There is, of course, no single agricultural South. The variations in climate, rainfall, landforms, and quality of soil are enormous. It is a region where many larger and smaller geographic subregions exist which have historically provided the basis for great differences in productivity, the kinds of crops raised, and farm organization. Besides such major subregions as the Piedmont, the Coastal Plains, and the Mississippi River alluvial valley, there are numerous smaller subregions, such as the central highlands of Florida, where citrus came to predominate. The South is a land of infinite geographical and agricultural variety. Because of this, exceptions can be made to nearly every generalization about the history of southern farming. Nevertheless, there have been some common denominators, and these I have sought to identify and explain.
For purposes of my study I have arbitrarily defined the South as the eleven former Confederate States stretching from Virginia to Texas. It might be argued that other states or parts of states, such as Oklahoma and Kentucky or Southern Missouri, should be included in any book on southern agriculture. However, the principal elements of southern farming are found in the old Confederacy. Thus, unless otherwise indicated, when I write about the South I am referring to the eleven-state region. Occasionally, to present a broader picture, I may mention the census South, which includes sixteen states, but this is rare.
This study deals mainly with commercial farmers, the problems they faced, and their long struggle to modernize and to earn a decent standard of living. Unfortunately most farmers never achieved economic success, and through the 1930s poverty was the most common condition among farmers throughout the South.

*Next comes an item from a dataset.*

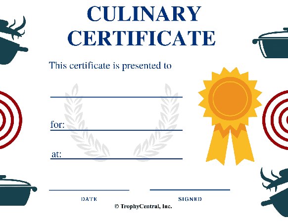 Our Culinary Award template is a perfect for recognizing any chef's cooking skills! Our free certificates were designed to be printable and use less ink to save you money. Simply press the View Now Button and then right click on the image and select Save File to download it. Award certificates measure 8 1/2" x 11". SKU: culinary-award-free-tc.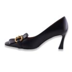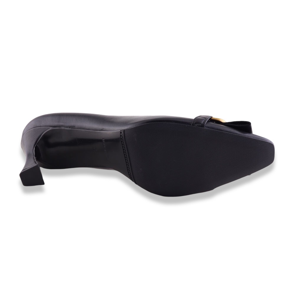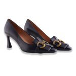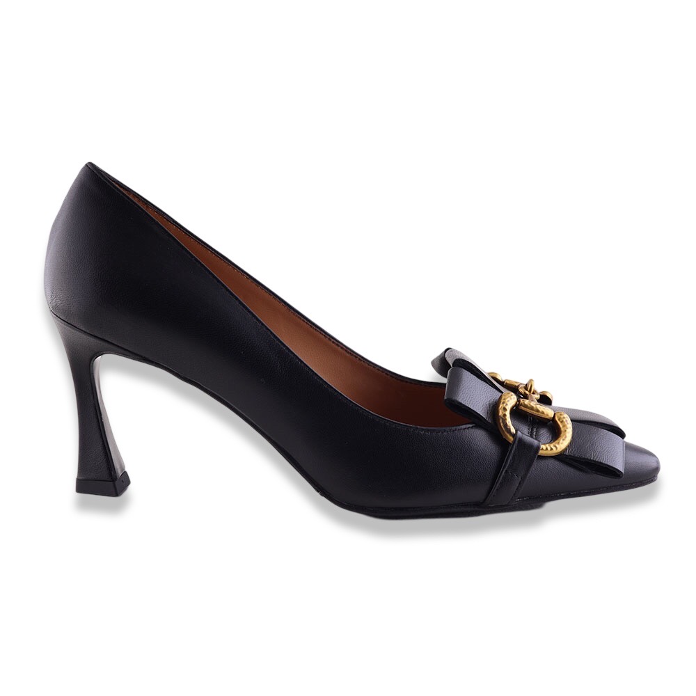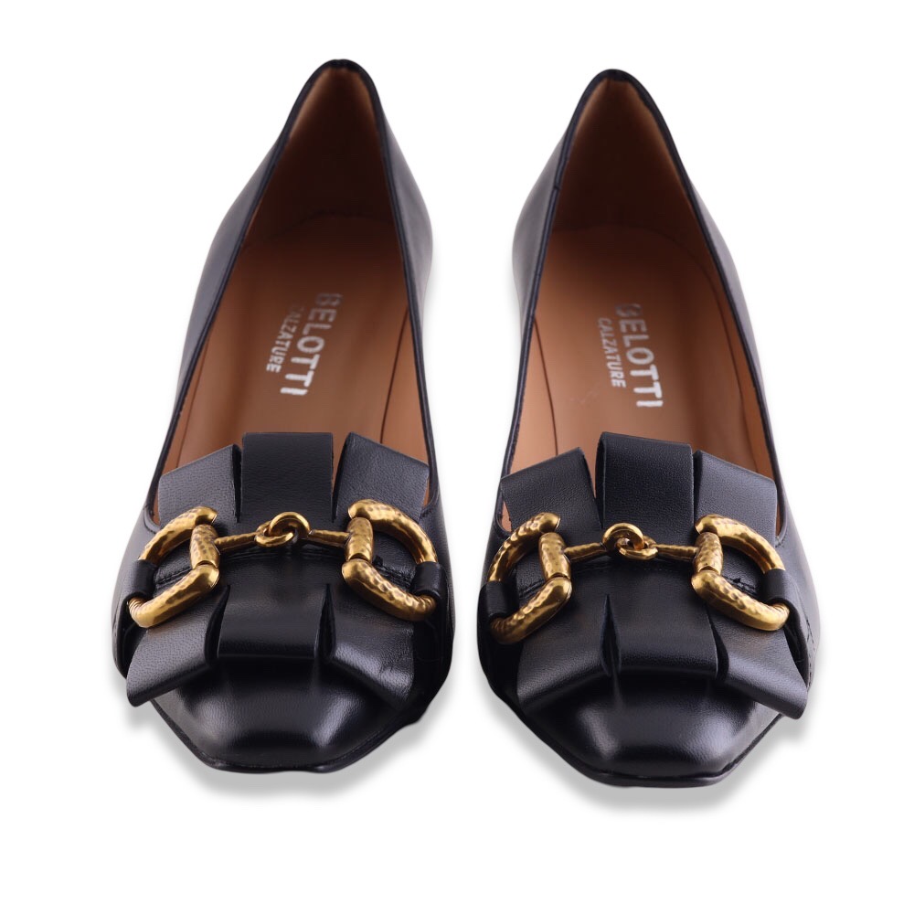 Décolleté molto femminile completamente in pelle. Frangia con morsetto sulla punta. Fondo in gomma. Made in Italy.

Because of the persistence of rural poverty from the 1870s to World War II, reference to living conditions on southern farms is made at several points through the book. While this results in some repetition, it shows more clearly that time did not heal the situation for millions of farm people in the region. Moreover, in order to document fully the developments in southern agriculture, I have relied heavily on statistics.
The main economic problem confronting southern farmers for three generations after 1865 was an excess of rural population in relation to developed land resources. The change to a more favorable man-land ratio was thwarted by the lack of off-farm jobs to siphon away surplus farm workers. The pressure of people on land was heavy from the 1880s to the 1940s. Not until the 1930s did events begin to merge in such a way as to destroy the old patterns of small, nonproductive, and poverty-ridden farms throughout the South. The New Deals acreage restriction and price support programs, federal credit agencies, and support for soil conservation, combined with agricultural science and technology, finally produced a new and modernized agriculture. Within one generation, from the late 1930s to the 1960s, a revolution occurred on southern commercial farms. The fewer and larger farms became mechanized, capital intensive, and labor efficient. My intent is to explain why agricultural change was so slow in the South and to show how the agents of change worked throughout the region after 1933 to destroy the old and produce a modernized agriculture.